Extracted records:
┄┄┄┄┄┄┄┄┄┄┄┄┄┄┄┄┄┄┄┄

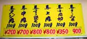 写真左は関東や東北ではさして珍しくないそうだが、関西人にとってはびっくりものの「馬肉専門店」の価格表。グラム200円のスジ肉から900円のさしみ用までお好きなウマをお選び下さい。
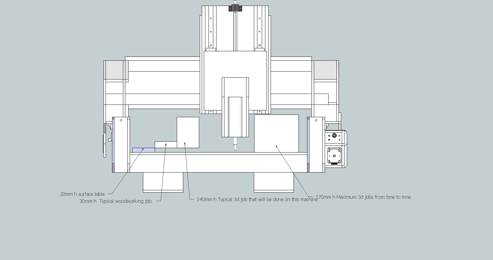4. Usual job size would be 800x400x160, hence that commands the gantry clearance and z design
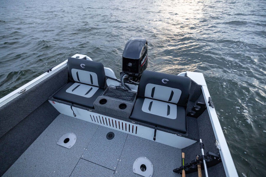 The conversion stern bench option gives you a larger casting/fishing platform when down and additional seating when up.
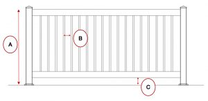 ราวระเบียง ต้องมีความสูงไม่น้อยกว่า 42 นิ้ว หรือ 1,066 มม. (ระยะ A) - ช่องว่างระหว่างซี่ลูกกรง (Picket) มีความกว้างไม่เกิน 4 นิ้ว หรือ 100 มม. (ระยะ B)
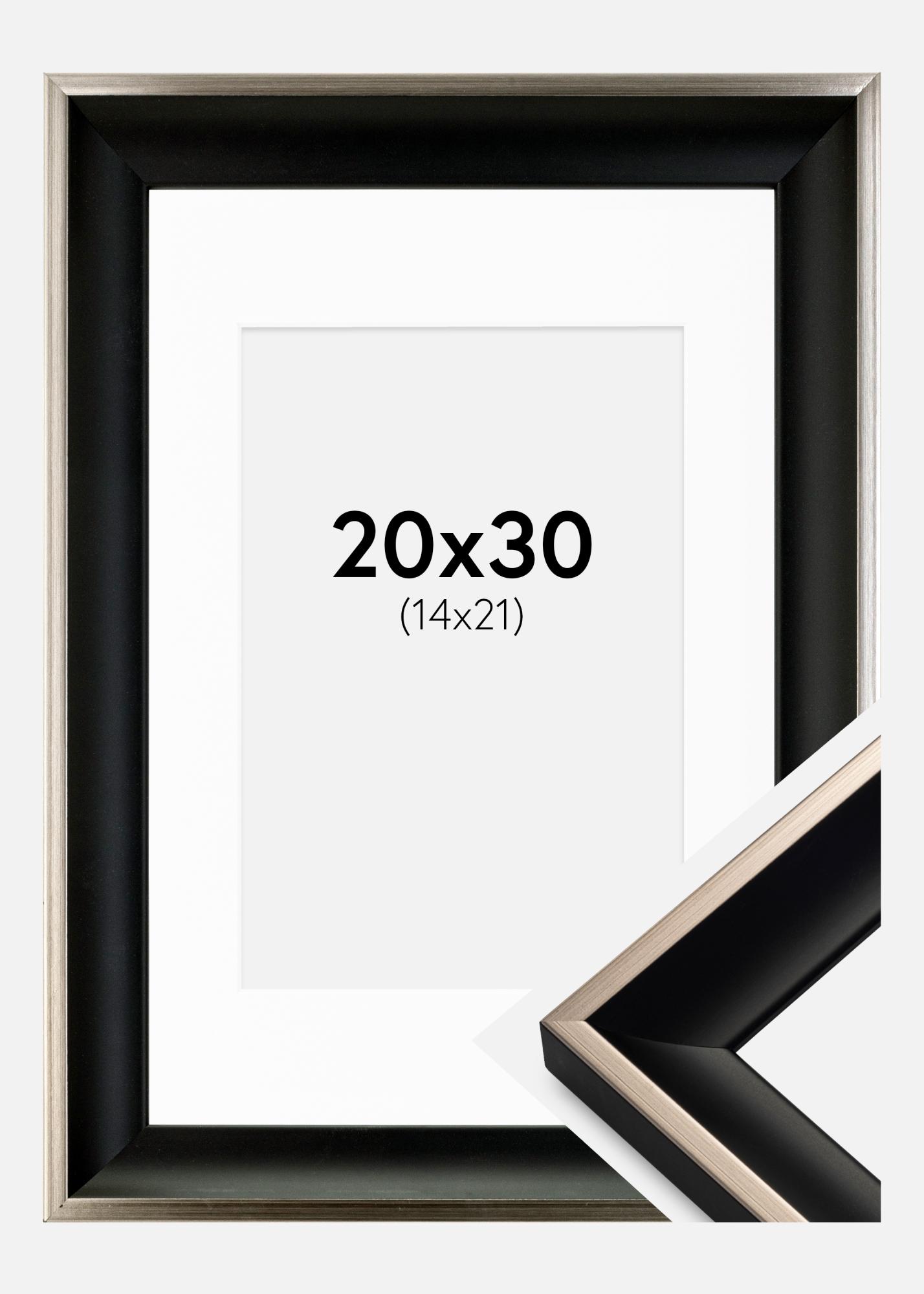 Rahmen Öjaren Schwarz-Silber 20x30 cm - Passepartout Weiß 15x22 cm
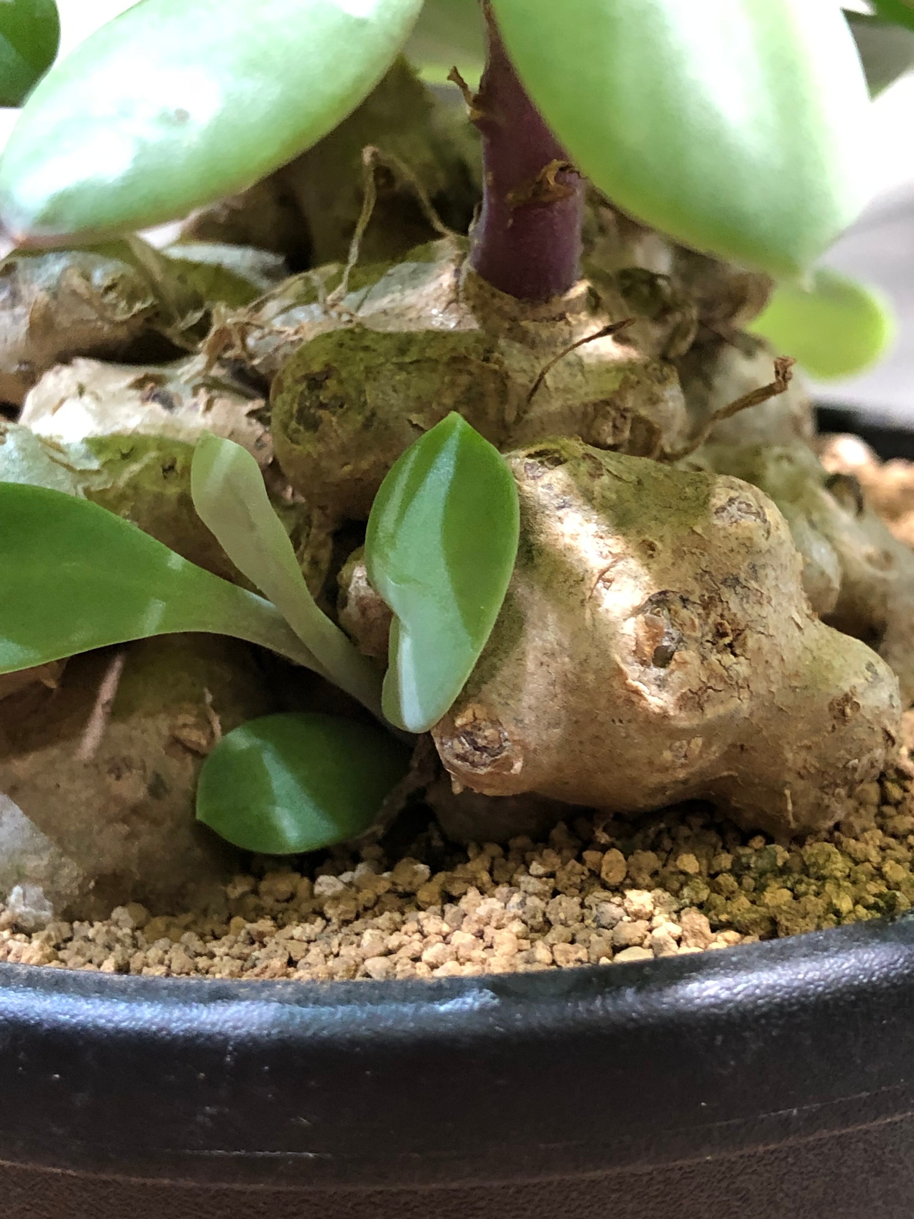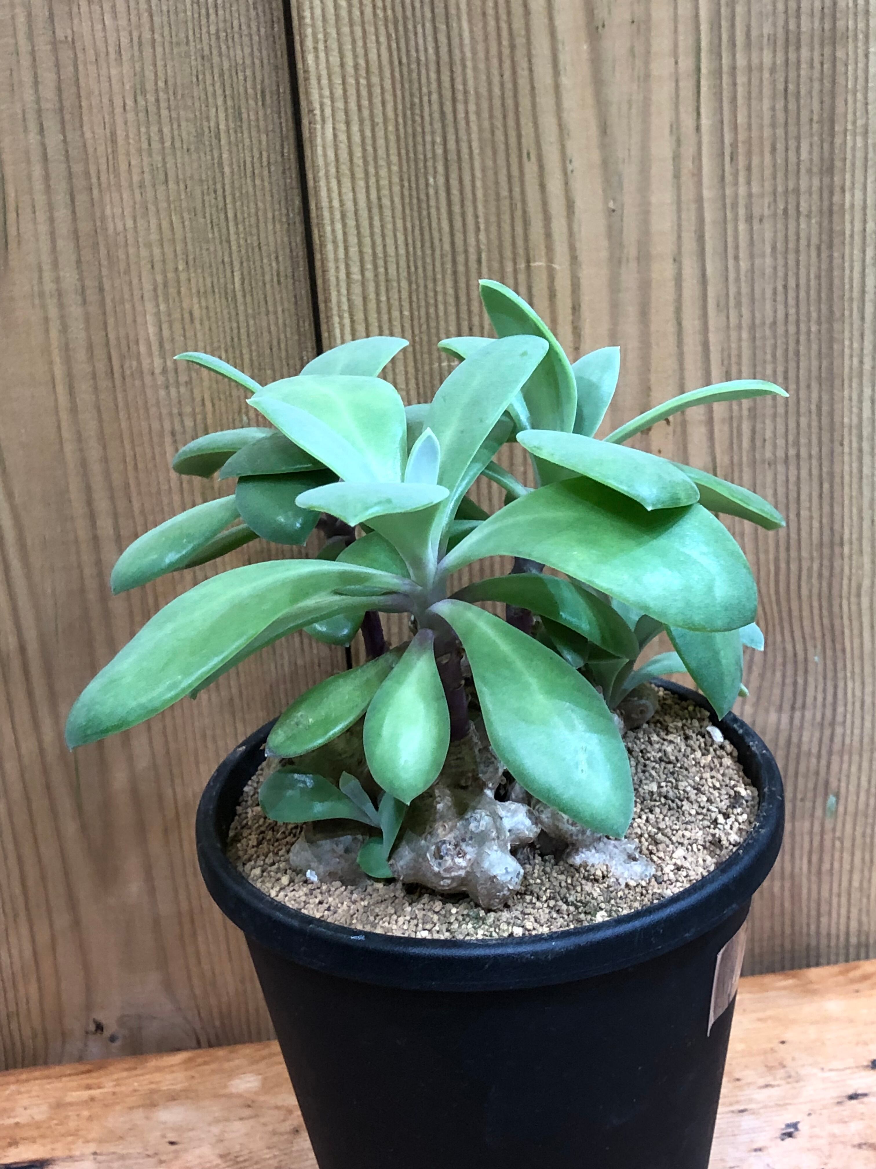 カナリア諸島原産のクレイニアの交配種で、塊根部はいくつかの球体の塊根が連なった様な奇妙な形状で、肉厚な艶のある多肉質な葉を展開します。
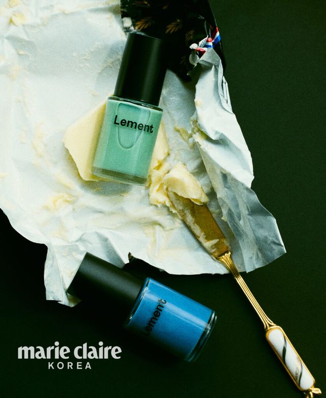 빵에 발라 먹고 남은 버터 조각이 꾸덕꾸덕하게 굳어 있다. 그 위에 르멘트 민트 그린 컬러와 빈티지 코발트블루 컬러 네일이 놓여 매력적인 컬러감을 안겨준다.
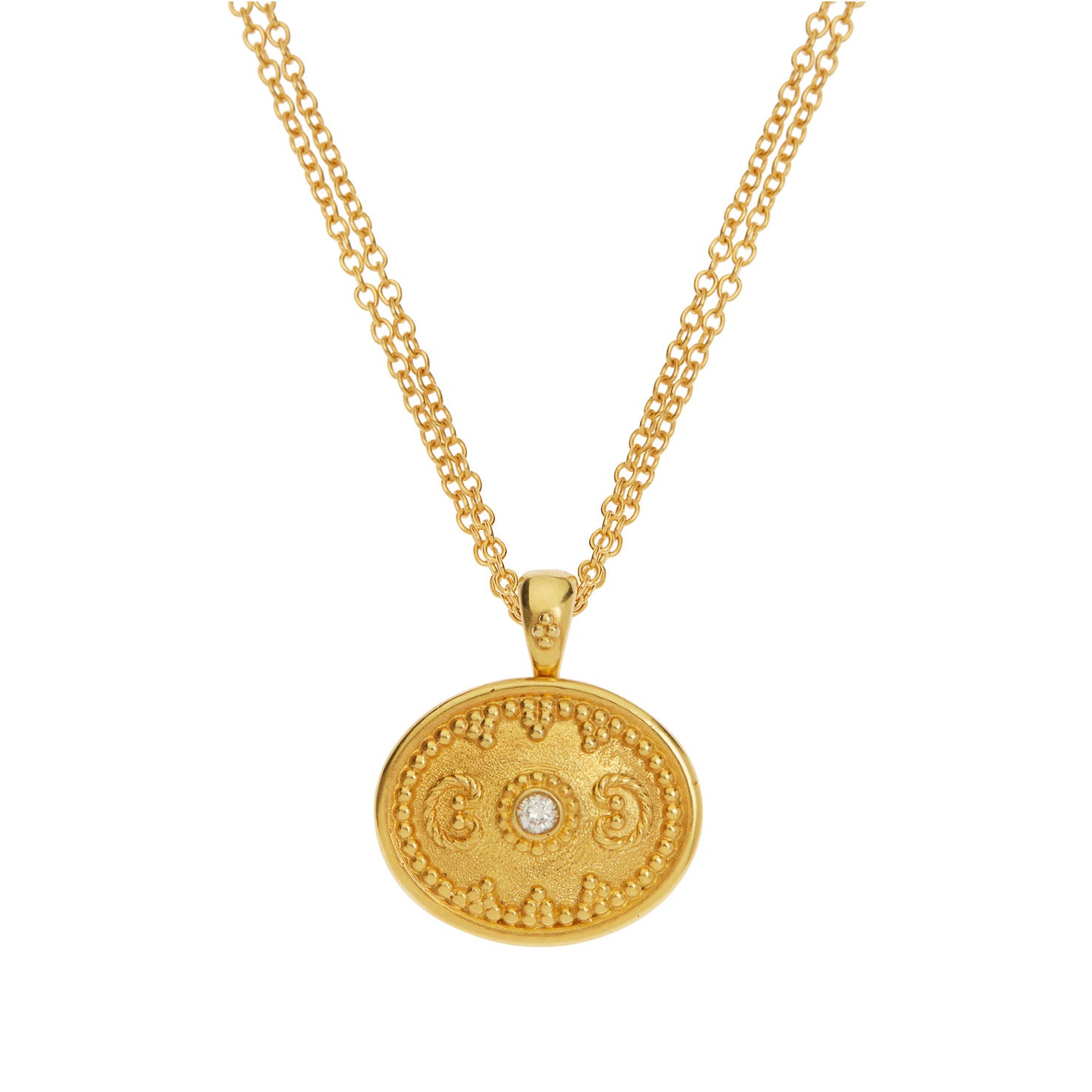 Handmade pendant 18KT yellow gold inspired by Byzantium with a Brilliant cut Diamond
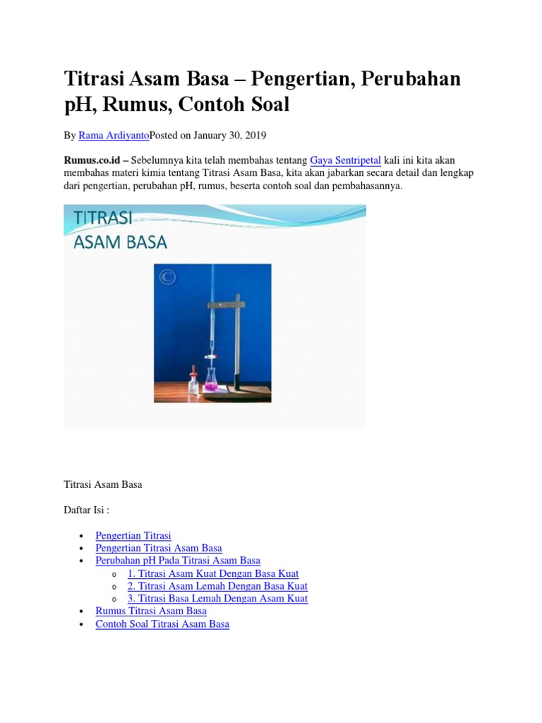 Contoh soal titrasi asam basa dan penyelesaiannya. Pelajari materi asam basa dan titrasi dari contoh soal berikut pembahasannya lengkap disini. Asam adalah akseptor pasangan elektron. Titrasi asam kuat dengan basa kuat. Contoh soal dan pembahasan tentang titrasi asam basa untuk menentukan kadar atau konsentrasi suatu larutan kimia sma kelas 11 ipa. Rumuscoid sebelumnya kita telah membahas tentang gaya sentripetal kali ini kita akan membahas materi kimia tentang titrasi asam basa kita akan jabarkan secara detail dan lengkap dari pengertian perubahan ph rumus beserta contoh soal dan pembahasannya. Inilah beberapa contoh soal dan jawaban tentang titrasi asam basa.

┄┄┄┄┄┄┄┄┄┄┄┄┄┄┄┄┄┄┄┄

● Instructions to follow: Leaving every picture aside, reproduce exactly the lines above from the one with "Rahmen Öjaren Schwarz-Silber" up to and including the one with "Handmade pendant 18KT", and no others.

● Finished task:
 Rahmen Öjaren Schwarz-Silber 20x30 cm - Passepartout Weiß 15x22 cm
 カナリア諸島原産のクレイニアの交配種で、塊根部はいくつかの球体の塊根が連なった様な奇妙な形状で、肉厚な艶のある多肉質な葉を展開します。
 빵에 발라 먹고 남은 버터 조각이 꾸덕꾸덕하게 굳어 있다. 그 위에 르멘트 민트 그린 컬러와 빈티지 코발트블루 컬러 네일이 놓여 매력적인 컬러감을 안겨준다.
 Handmade pendant 18KT yellow gold inspired by Byzantium with a Brilliant cut Diamond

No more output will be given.